The remaining question on this phase of the litigation is whether a landlord, by lease with a tenant, can absolve himself from the obligation to comply with city ordinances so that the city cannot hold the owner or agent responsible for their violation, and be compelled to look only to the tenant for their compliance. We find no cases in Illinois dealing directly with this question, but in many other jurisdictions it has been held, under applicable statutes or ordinances, that the owner of a building cannot avoid liability for compliance by a covenant in the lease of a part or the whole of a building. In Moore v. Dresden Inv. Co., 162 Wn. 289, 298 P. 465, a city ordinance providing for fire protection appliances, but not expressly imposing the duty of providing and maintaining them on the owner of the building, was held to impose on the owner of a leased hotel building the duty of providing adequate fire escapes, and it was further held that the fact that the lessee was likewise obligated by the ordinance did not absolve the owner from liability for failure to comply with the ordinance, and that he was not relieved therefrom by the covenants of the lease requiring the lessee to make repairs and comply with all laws and ordinances. In Mullins v. Nordlow, 170 Ky. 169, 185 S.W. 825, the ordinance there under consideration required buildings of certain specified types to be equipped with fire escapes. The court, in holding that the owner could not escape liability because of the provision of the lease exempting him from liability, said: "It will not do to say that a landlord, by inserting provisions in a lease, may avoid compliance with the requirements of a statute and ordinance enacted to protect the occupants of his tenement house against dangers from fire, for to so hold would be to render worthless such legislation." Likewise, in Ranus v. Boatmen's Bank, 279 Mo. 332, 214 S.W. 156, the court held that a provision of a lease of a portion of a building to a social and athletic club, requiring the lessee to make all necessary repairs and keep the building in good order, did not relieve the owner of the building from liability for the death of a member of the club by fire, resulting from failure to provide fire escapes as required by statute and ordinance.

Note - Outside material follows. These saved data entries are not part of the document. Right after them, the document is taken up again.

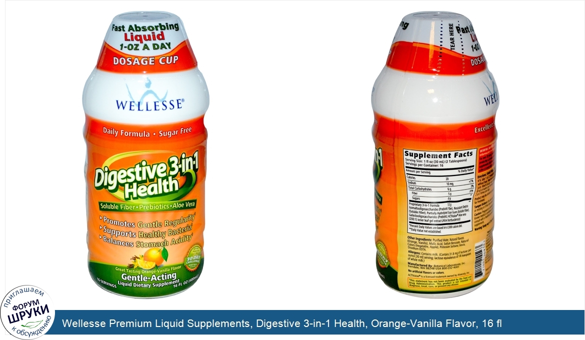Wellesse Premium Liquid Supplements, Digestive 3-in-1 Health, Orange-Vanilla Flavor, 16 fl oz (480 ml)
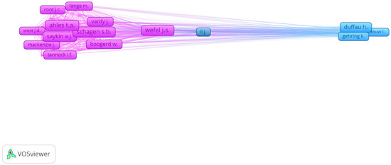 A dense author core was identified, led primarily by Europe-based researchers. Notably, Francis Eustache, Bénédicte Giffard, and Florence Joly (Caen-Normandy University) were among the most prolific contributors, while Margriet M. Sitskoorn (Tilburg University) was the most cited. Despite the presence of high-impact individuals, collaboration at the institutional level appeared limited, with research networks remaining relatively fragmented. Nevertheless, emerging connections—such as between the Faculty of Medical Sciences and the Department of Medicine at Chang Gung School—may signal early developments toward broader cooperation.
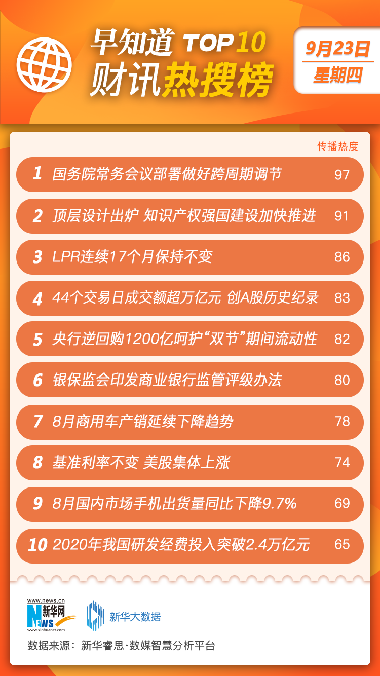 【早知道·财讯热搜榜TOP10】运用新华睿思大数据平台,从各媒体信源数据抓取最近24小时财经新闻、事件、话题传播热度排行。
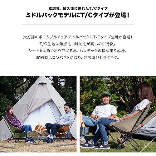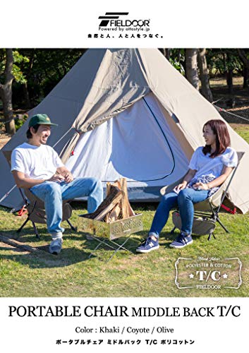 フィールドア以外のメーカーからも多数発売されているポータブルチェアですが、フィールドアではT/C素材版があります。火の粉に強い素材のため焚き火チェアとして使えますよ。また、オプションで張替え用の座面だけも販売されていて汚れたり破れたりしても座面だけ交換できたり、ロッキングチェアになるパーツがオプションで販売されていて他のポータブルチェアより使い勝手がいい魅力があります。
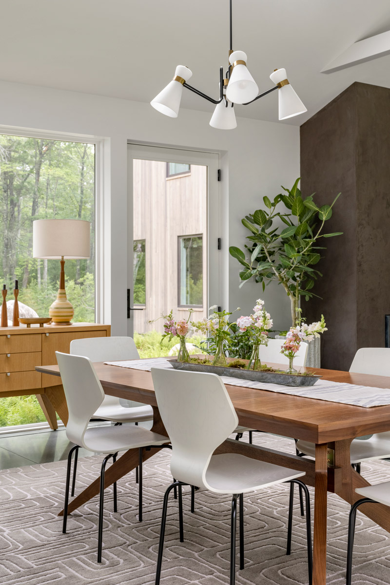 “Our site-specific design angled the house just east of south for ideal solar exposure, while the primary living space was situated toward a sunny lawn space against a wooded edge,” Carroll says.
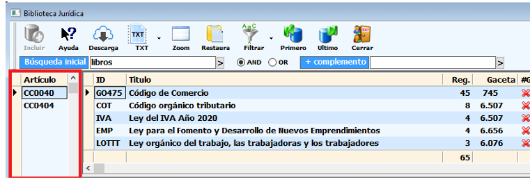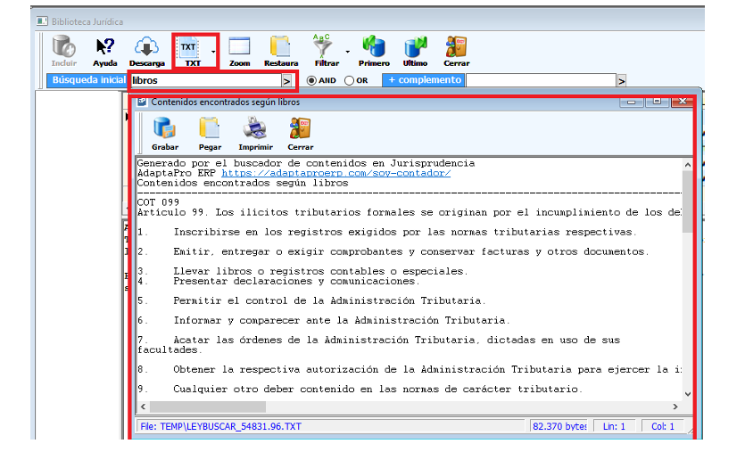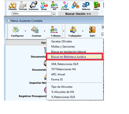 1.3 Desde el plugin “Asistente Contable”, sección tributos, opción, buscar en biblioteca jurídica.
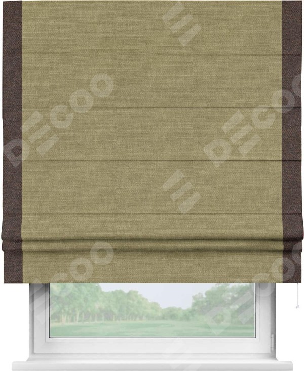 Римская штора «Кортин» с кантом Стрим Дуо, лён коричневый
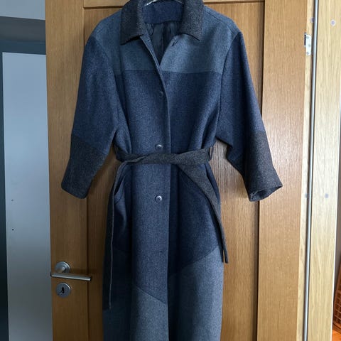 kåpe for dame i størrelse 44. Kåpen er grå med rutemønster og har med fôr på innsiden for økt komfort.
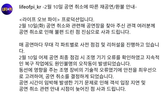 제작사 에스앤코는 11일 오후 '라이프 오브 파이' 공식 인스타그램을 통해 "2월 10일부터 11일 오전까지 이어진 기술 점검과 테스트 결과, 해당 조명 기기가 정상화됐다"며 "프로덕션 모두 무거운 책임을 통감하며 공연 취소에 따른 환불과 재공연을 안내해 드린다"고 밝혔다. 이어 "다시 한번 관객 여러분께 불편 드리게 되어 죄송하다"고 덧붙였다.
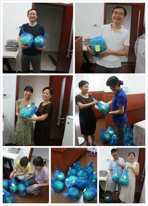 五月中旬,在生科院工會組織下,我所部分職工子女參加了“迎六一綠色科普親子活動”,在松江的試驗田里,小朋友們親手種下了一棵棵的西瓜秧苗。之后,很多孩子經(jīng)常在家里念叨西瓜苗長大了嗎?什么時候結(jié)瓜呀?在孩子們的期盼下,8月14日下午,孩子們終于等來了好消息,家長們開心地領(lǐng)取了孩子們的勞動果實,有的還特地與同事們分享了這份收獲的喜悅。
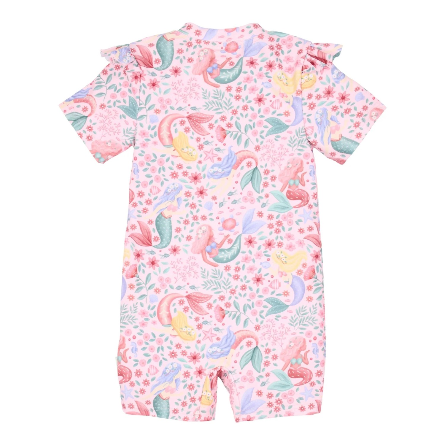 Estampado Mágico: Sobre un fondo rosa suave, presenta ilustraciones detalladas de sirenas, peces, conchas y estrellas de mar que invitan a la fantasía.
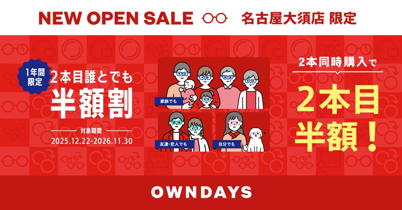 メガネ・サングラスの製造販売を手掛ける株式会社オンデーズ(本社:東京都品川区、代表取締役社長:海山丈司)は、2025年11月28日(金)に、中部エリアでは初となる2階建ての路面店「OWNDAYS 名古屋大須店」をオープンいたします 。
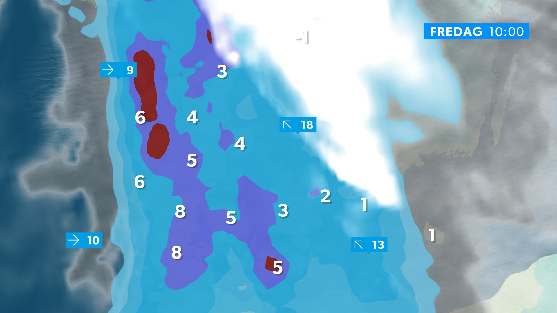 - Fra midnat bevæger en ny front sig ind over landet fra vest, og den kommer til at give os en våd start på fredagen. Det vil regne den første halvdel af dagen, siger hun.

Here the city is suing the agent to enforce compliance with certain fire-prevention regulations requiring the installation of fire-prevention equipment. The agent defends by asserting that the Government is beyond the reach of the law. The Government, however, has covenanted by the terms of its lease to conform with the municipal requirements, and the agent has not, at any time in the course of this litigation, indicated that the Government has refused to comply. It must be assumed, nevertheless, since the city has resorted to filing suit, that no compliance has been made and that the city desires a ruling on the question. If the agent were correct in its contention that the Government cannot be compelled to comply, it becomes the duty of the agent to effect the changes. The city cannot be expected to assume the duties of an agent and proceed against the Government; if the agent wishes to persevere in its contention that the Government cannot be forced to comply, its only alternative is to make the necessary alterations and additions itself. Yet, as a reading of the forepart of this opinion indicates, the agent can avail itself of the authority of innumerable decisions enabling it to insist that the Government comply and thus relieve itself of the responsibility and the cost of making the alterations and additions necessary to effect compliance. From a study of the ordinances here involved and consideration of the pertinent authorities, we hold that in the instant case the owner or its agent must assume the responsibility for the installation of the illuminated exits, stairways, fire escapes and directional signs required by section 67-18.1 of the code.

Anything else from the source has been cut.